In the modern agile workflow, teams using Jira and Confluence often face three silent productivity killers:

  1. Writer's Block: Spending too much time drafting clear ticket descriptions, acceptance criteria, or documentation.
  2. Language Barriers: Global teams struggling to communicate technical details across languages.
  3. Missing Visuals: Documentation that lacks visual context because creating mockups or diagrams takes too long.

We built Z-GPT to be the ultimate "Sidecar Assistant" for these workflows. Instead of switching between five different browser tabs for translation, drafting, and image generation, Z-GPT provides a unified, secure, and local AI environment to handle these tasks instantly.

What it does

Z-GPT is a full-stack AI workspace that combines three powerful capabilities:

  • Smart Chat (Drafting Assistant): Uses local LLMs (TinyLlama/Mistral) to draft Jira tickets, summarize technical issues, and write Confluence pages.
  • Real-time Translation: Instantly translates text between languages, ensuring that comments on Jira tickets are understood by everyone, regardless of their native language.
  • AI Image Generation: Creates visual assets, mockups, and diagrams on the fly using Stable Diffusion, perfect for enriching Confluence pages without waiting for a designer.

How we built it

We focused on a privacy-first, local-first architecture to ensure sensitive project data never leaves the user's infrastructure.
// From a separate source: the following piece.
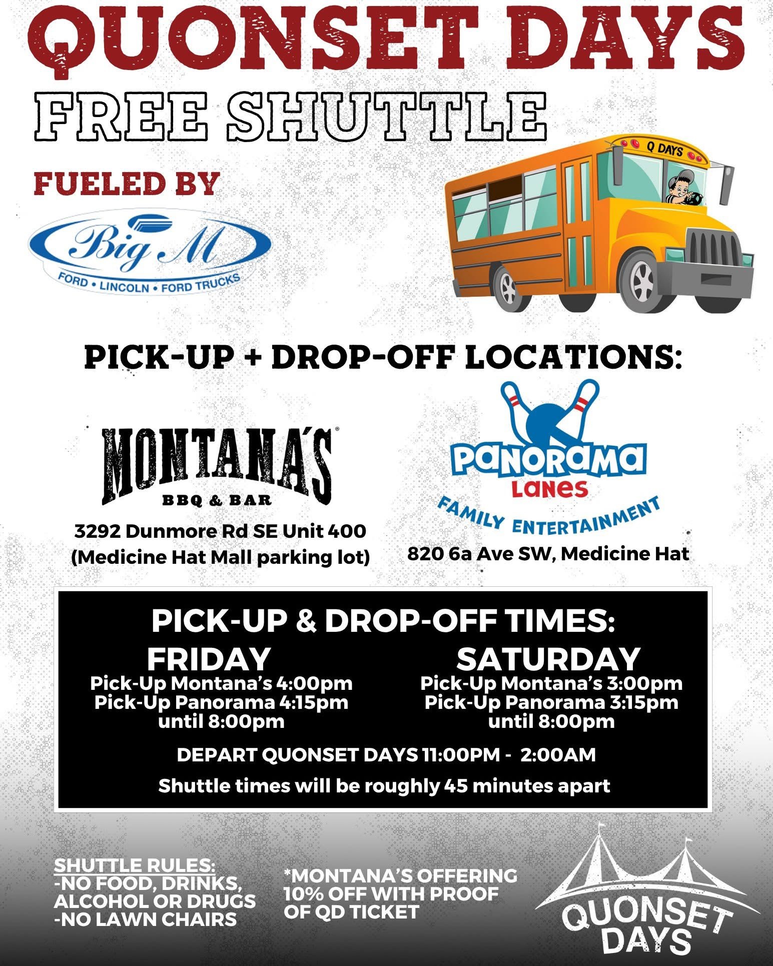 During the two nights of music, food and beverages will be available on site, and a free shuttle service available from Medicine Hat.

  • Backend: Built with FastAPI and Python. We used SQLModel for a robust database layer (SQLite/Postgres) to manage persistent chat sessions.
  • Frontend: A responsive React SPA (Single Page Application) that provides a seamless, chat-like interface.
  • AI Engine:
    • Hugging Face Transformers: For running optimized LLMs locally on the CPU/GPU.
    • Diffusers: For the image generation pipeline.
    • Argos Translate: For offline, neural machine translation.
  • DevOps: The entire stack is containerized with Docker, making it easy to deploy alongside existing internal tools.

Challenges we faced

  • Resource Constraints: Running multiple AI models (LLM + Stable Diffusion) simultaneously on standard hardware was difficult. We solved this by implementing lazy loading and allowing users to toggle features via environment variables (IMAGE_ENABLED).
  • Streaming Responses: Providing a "ChatGPT-like" experience required implementing Server-Sent Events (SSE) in FastAPI and handling real-time stream parsing in React, which was complex to get right with error handling.
  • Cross-Platform Compatibility: Ensuring the app runs smoothly on Windows (PowerShell) and Linux/Mac required careful dependency management and path handling.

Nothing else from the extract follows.